- AIM OF THE EXERCISE: The listing below should be printed again word for word, without any images.

DATA PROVIDED Start Marker

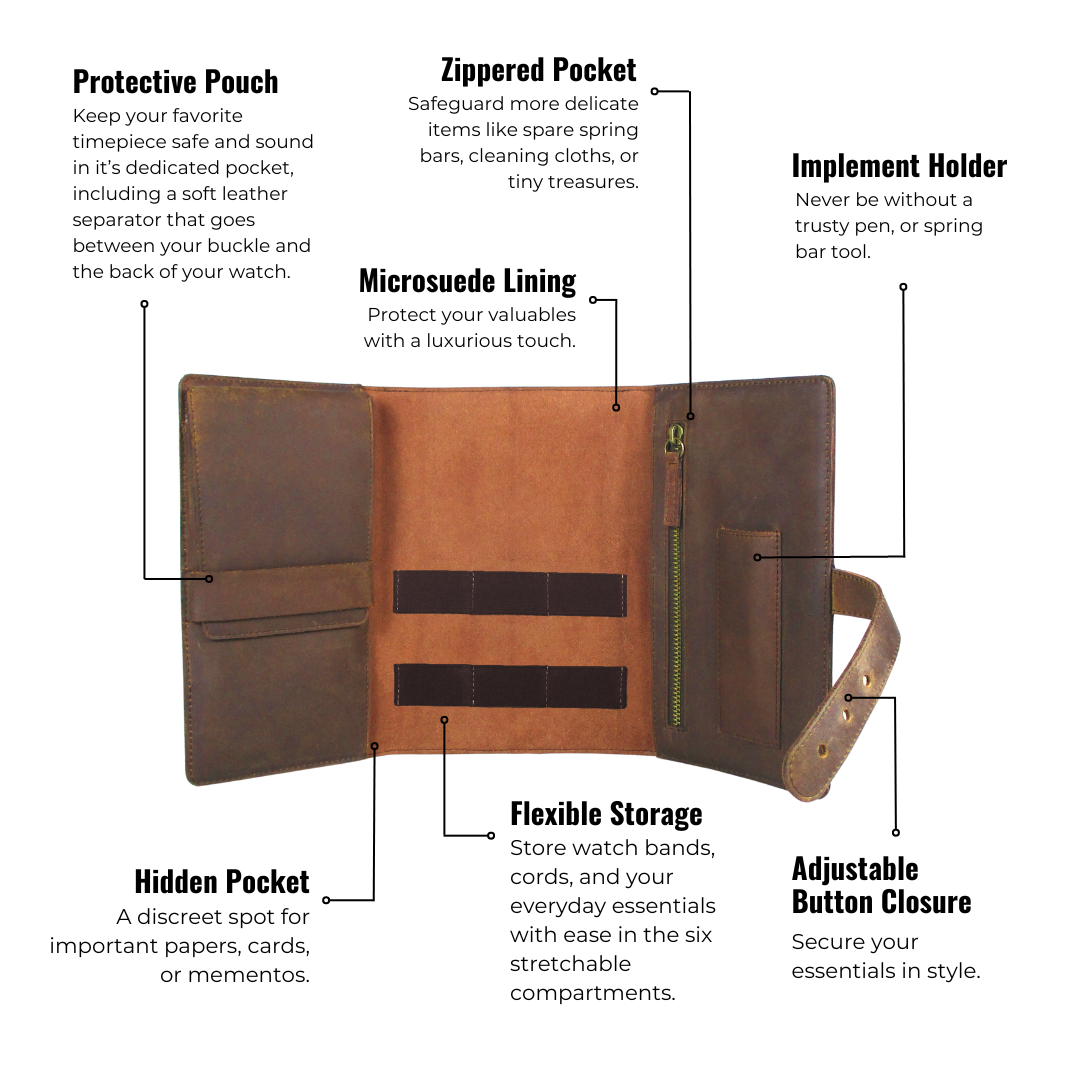 Zippered Pocket: Safeguard more delicate items like spring bars, cleaning cloths, or tiny treasures.
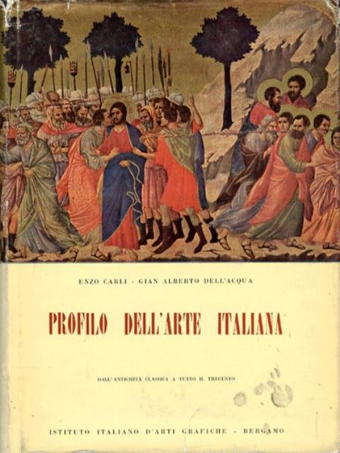 2. ed. 490 p., 16 c. di tav. : ill. ; 26 x 20 cm. Un classico testo di storia dell'arte italiana dalle origini al 14. secolo scritto da due maestri della storia dell'arte, Enzo Carli (1910-1999) e Gian Alberto Dell'Acqua (1909-2004). Legatura editoriale, coperta in cartoncino rigido telato di colore blu, titolo impresso in oro al piatto e al dorso. Sovraccoperta illustrata a colori, plastificata opaca, con alette. La sovraccoperta mostra qualche segno del tempo, i profili hanno qualche strappo, coperta e interno in ottimo stato. Pagine interne con numerose illustrazioni in b/n e a colori (16 tav. fuori testo). . Codice libreria 2419.
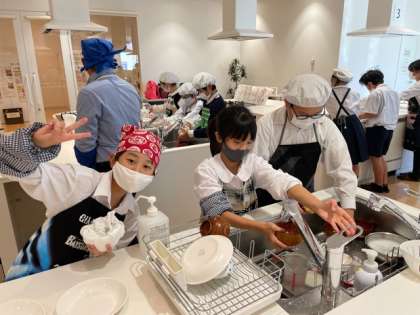 12:55 みんなで役割を分担して、食器洗い等をしています。
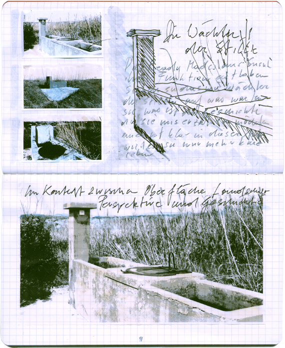 Die Skizzen unterstützen den Prozess, bringen Zeit und Verständnis und bilden gleichzeitig eine Aneignung der Skulpturen im Sinne der Ready Mades, wo es weniger um die Modulation des Vorhandenen geht sondern viel mehr um das stille Begreifen und den Aufbau einer Beziehung zu den stummen auf der Insel verweilenden abstrakten Wächtern. Zur Zeit werden sie für Wegmarkierungen, künstlerische Interventionen oder einfach als Orientierungspunkte für Wegbeschreibungen verwendet. Irgendwie hat man das Gefühl, dass sie auch noch funktionieren. Wahrscheinlich muss man sie einfach nur reinigen. Doch gerade dieser Zustand der fragilen Nichtnutzung wirkt anziehend.
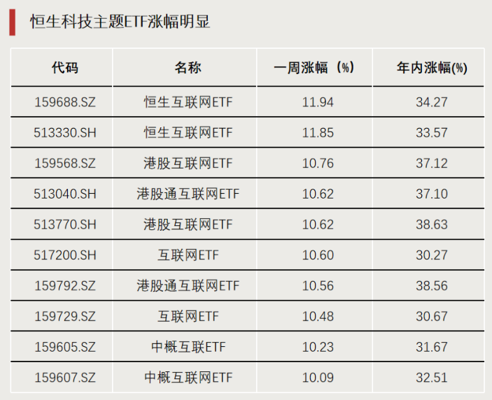 上周,全市场有超900只ETF实现正收益,正收益占比超90%。其中,多只恒生科技主题ETF表现强势,港股通互联网ETF(513040)、中概互联网ETF(159607)等多只产品周涨幅超10%。拉长时间来看,多只恒生科技主题ETF年内涨幅已经超过30%。

DATA PROVIDED End Marker

- SOLUTION TO THIS EXERCISE:
 Zippered Pocket: Safeguard more delicate items like spring bars, cleaning cloths, or tiny treasures.
 2. ed. 490 p., 16 c. di tav. : ill. ; 26 x 20 cm. Un classico testo di storia dell'arte italiana dalle origini al 14. secolo scritto da due maestri della storia dell'arte, Enzo Carli (1910-1999) e Gian Alberto Dell'Acqua (1909-2004). Legatura editoriale, coperta in cartoncino rigido telato di colore blu, titolo impresso in oro al piatto e al dorso. Sovraccoperta illustrata a colori, plastificata opaca, con alette. La sovraccoperta mostra qualche segno del tempo, i profili hanno qualche strappo, coperta e interno in ottimo stato. Pagine interne con numerose illustrazioni in b/n e a colori (16 tav. fuori testo). . Codice libreria 2419.
 12:55 みんなで役割を分担して、食器洗い等をしています。
 Die Skizzen unterstützen den Prozess, bringen Zeit und Verständnis und bilden gleichzeitig eine Aneignung der Skulpturen im Sinne der Ready Mades, wo es weniger um die Modulation des Vorhandenen geht sondern viel mehr um das stille Begreifen und den Aufbau einer Beziehung zu den stummen auf der Insel verweilenden abstrakten Wächtern. Zur Zeit werden sie für Wegmarkierungen, künstlerische Interventionen oder einfach als Orientierungspunkte für Wegbeschreibungen verwendet. Irgendwie hat man das Gefühl, dass sie auch noch funktionieren. Wahrscheinlich muss man sie einfach nur reinigen. Doch gerade dieser Zustand der fragilen Nichtnutzung wirkt anziehend.
 上周,全市场有超900只ETF实现正收益,正收益占比超90%。其中,多只恒生科技主题ETF表现强势,港股通互联网ETF(513040)、中概互联网ETF(159607)等多只产品周涨幅超10%。拉长时间来看,多只恒生科技主题ETF年内涨幅已经超过30%。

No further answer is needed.